⟨
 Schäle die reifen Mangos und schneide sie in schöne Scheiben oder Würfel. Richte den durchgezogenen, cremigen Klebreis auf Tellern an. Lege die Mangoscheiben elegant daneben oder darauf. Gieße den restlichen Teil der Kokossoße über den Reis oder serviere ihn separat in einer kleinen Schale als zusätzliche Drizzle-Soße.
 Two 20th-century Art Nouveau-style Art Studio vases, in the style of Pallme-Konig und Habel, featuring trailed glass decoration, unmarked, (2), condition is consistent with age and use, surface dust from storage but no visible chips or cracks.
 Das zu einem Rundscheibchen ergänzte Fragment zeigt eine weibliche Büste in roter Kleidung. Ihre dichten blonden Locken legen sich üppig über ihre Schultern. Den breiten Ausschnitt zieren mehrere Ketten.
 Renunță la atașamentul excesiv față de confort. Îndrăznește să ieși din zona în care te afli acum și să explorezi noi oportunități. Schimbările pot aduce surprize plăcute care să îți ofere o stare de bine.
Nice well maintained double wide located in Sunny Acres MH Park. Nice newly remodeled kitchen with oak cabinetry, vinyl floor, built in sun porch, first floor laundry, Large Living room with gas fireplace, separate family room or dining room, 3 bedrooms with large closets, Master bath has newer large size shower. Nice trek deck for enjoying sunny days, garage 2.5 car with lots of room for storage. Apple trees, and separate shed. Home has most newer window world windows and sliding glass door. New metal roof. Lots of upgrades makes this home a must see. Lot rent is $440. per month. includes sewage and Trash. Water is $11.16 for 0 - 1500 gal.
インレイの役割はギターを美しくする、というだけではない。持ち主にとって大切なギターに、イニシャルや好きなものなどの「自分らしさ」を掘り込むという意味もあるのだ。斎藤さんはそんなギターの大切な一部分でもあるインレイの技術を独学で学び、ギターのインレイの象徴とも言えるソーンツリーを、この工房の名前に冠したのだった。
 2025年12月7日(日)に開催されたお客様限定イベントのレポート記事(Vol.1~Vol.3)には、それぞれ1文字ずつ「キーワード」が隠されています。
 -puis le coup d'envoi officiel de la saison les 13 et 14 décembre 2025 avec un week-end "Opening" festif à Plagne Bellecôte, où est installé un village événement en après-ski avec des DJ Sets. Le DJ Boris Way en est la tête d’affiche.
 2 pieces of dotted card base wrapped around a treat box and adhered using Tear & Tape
⟩
Search the data for the word "über" and report how many lines include it, with the number alone.

▶ [ANSWER]:
2